Wandering Thoughts archives

2017-06-21

The oddity of CVE-2014-9940 and the problem of recognizing kernel security patches

Let's start with my tweet:

Do I want to know why a reported and disclosed in 2017 Linux kernel vulnerability has a 2014 CVE number? Probably not.

Today, Ubuntu came out with USN-335-1, a security advisory about their Ubuntu 14.04 LTS kernel. Among the collection of CVEs fixed was one that caught my eye, CVE-2014-9940. This was simply because of the '2014' bit, which is normally the year of the CVE. At first I thought this might be Ubuntu's usual thing where they sometimes repeat old, long-patched issues in their update announcements, but no; as far as I can tell this is a new issue. Ubuntu's collection of links led to the May Android security bulletin, which says that CVE-2014-9940 was only reported on February 15th, 2017.

(I think that the Android security bulletin is the first report.)

So where does the 2014 come from? That's where I wound up looking more closely at the kernel commit that fixes it:

Author: Seung-Woo Kim
Date: Thu Dec 4 19:17:17 2014 +0900

regulator: core: Fix regualtor_ena_gpio_free not to access pin after freeing

After freeing pin from regulator_ena_gpio_free, loop can access the pin. So this patch fixes not to access pin after freeing.

This fix was authentically made between 3.18-rc1 and 3.19-rc1, and so it appears that the CVE number was assigned based on when the fix was made, not when the issue was reported.

The next question is why it took until 2017 for vendors using old kernels to patch them against this issue. Although I don't know for sure, I have a theory, namely that this simply wasn't recognized as a security vulnerability until early this year. Many fixes go into every kernel version, far too many to backport them all, so Linux distributions have to pick and choose. Naturally distributions grab security fixes, but that requires everyone involved to actually recognize that what they've written is a security fix. I rather suspect that back in 2014, no one realized that this use-after-free issue was an (exploitable) vulnerability.

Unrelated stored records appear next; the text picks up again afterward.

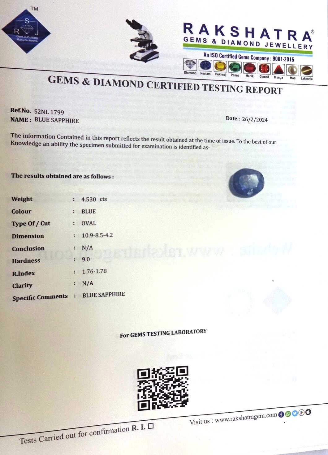| SPECIFIC COMMENTS: | BLUE SAPPHIRE |
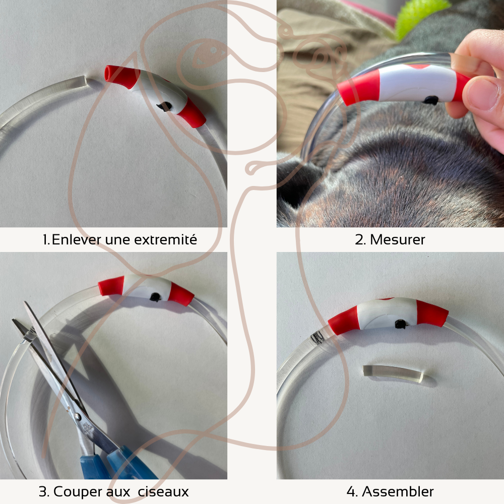 - Mesurez le cou de votre chien (Conseil: en laissant 4 doigts entre le chien et le collier lors de la mesure afin de facilité le passage de la tête)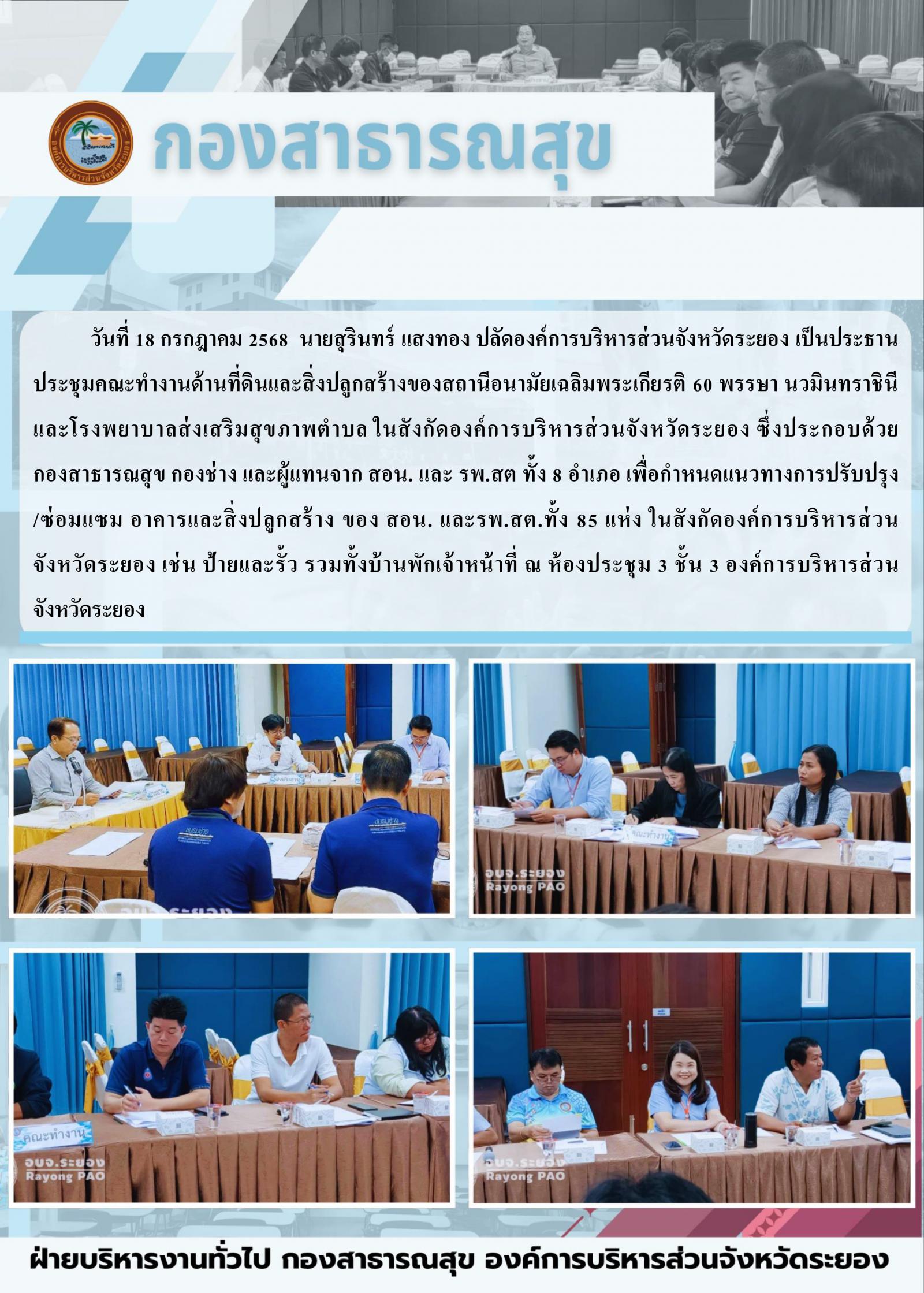 กองสาธารณสุข ประชุมคณะทำงานด้านที่ดินและสิ่งปลูกสร้างของสถานีอนามัยเฉลิมพระเกียรติ 60 พรรษา นวมินทราชินี และโรงพยาบาลส่งเสริมสุขภาพตำบล ในสังกัดองค์การบริหารส่วนจังหวัดระยอง ครั้งที่ 2 / 2568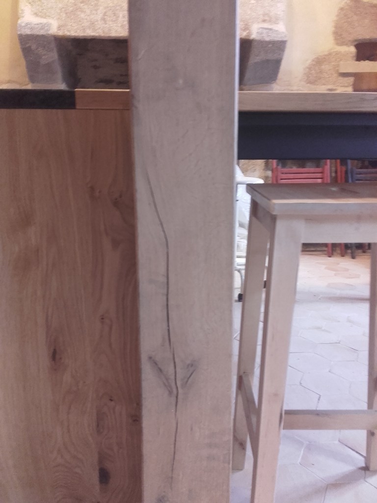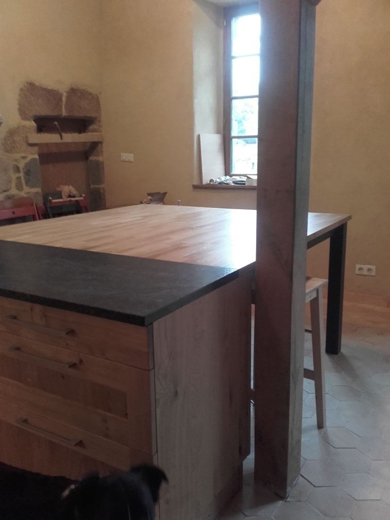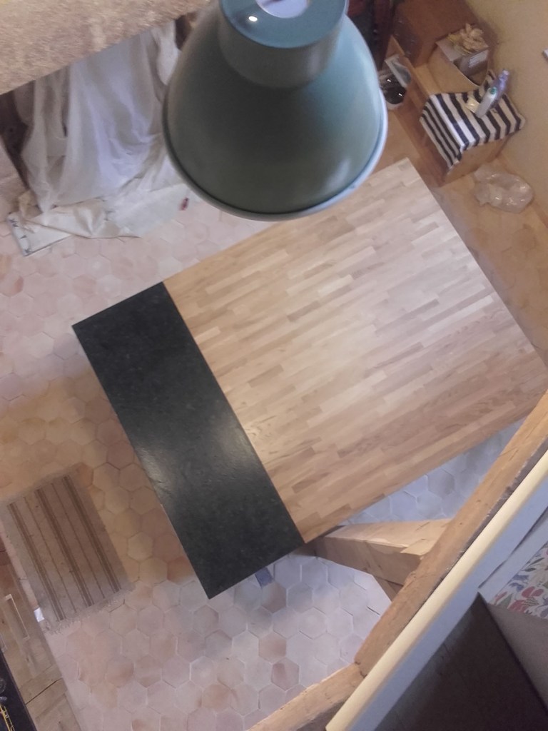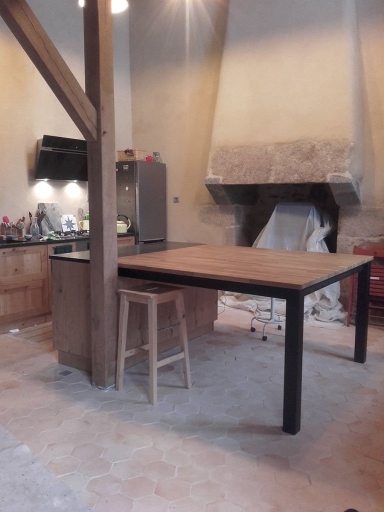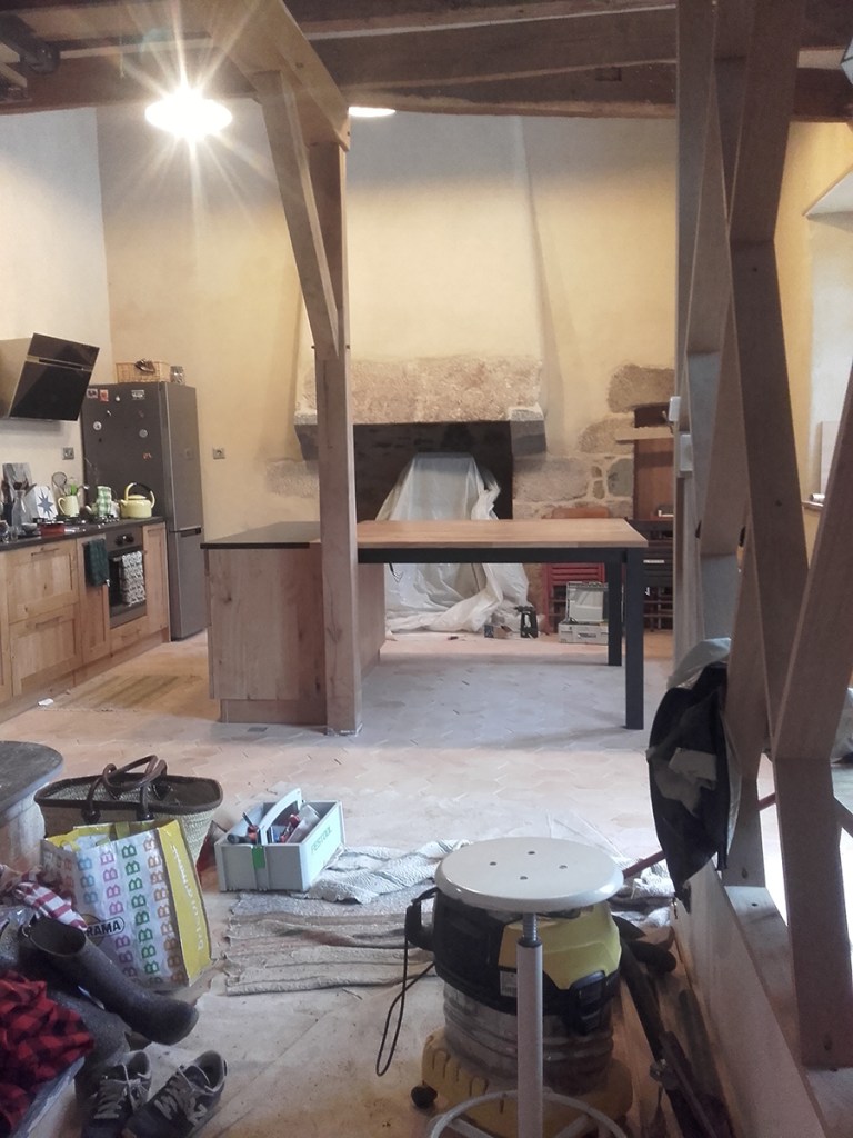 On l’attendait, elle a finalement été installée. Place à la grande table dans la cuisine. Après avoir déplacé la prise cachée derrière l’ilot, le plateau a été posé, ainsi que le plan de travail en granit.

It's interesting that this seems to have been reported around the time of CVE-2017-6074, where I started to hear that use-after-free issues in the kernel were increasingly exploitable. I wonder if people went trawling through kernel changelogs to find 'fixed use-after-free issue' changes like this one, then did some digging to see if the issues could be weaponized into vulnerabilities and if any currently used older kernels (such as Android kernels and old Ubuntu LTSes) had missed picking up the patches.

(If people are doing this sort of trawling, I suspect that we can expect a whole series of future CVEs on similar issues.)

If I'm right here, the story of CVE-2014-9940 makes for an excellent example of how not all security fixes are realized to be so at the time (which makes it hard to note them as security fixes in kernel changelogs). As this CVE demonstrates, sometimes it may take more than two years for someone to realize that a particular bugfix closes a security vulnerability. Then everyone with old kernels gets to scramble around to fix them.

(By the way, the answer to this is not 'everyone should run the latest kernel'. Nor is it 'the kernel should stop changing and everyone should focus on removing bugs from it'. The real answer is that there is no solution because this is a hard problem.)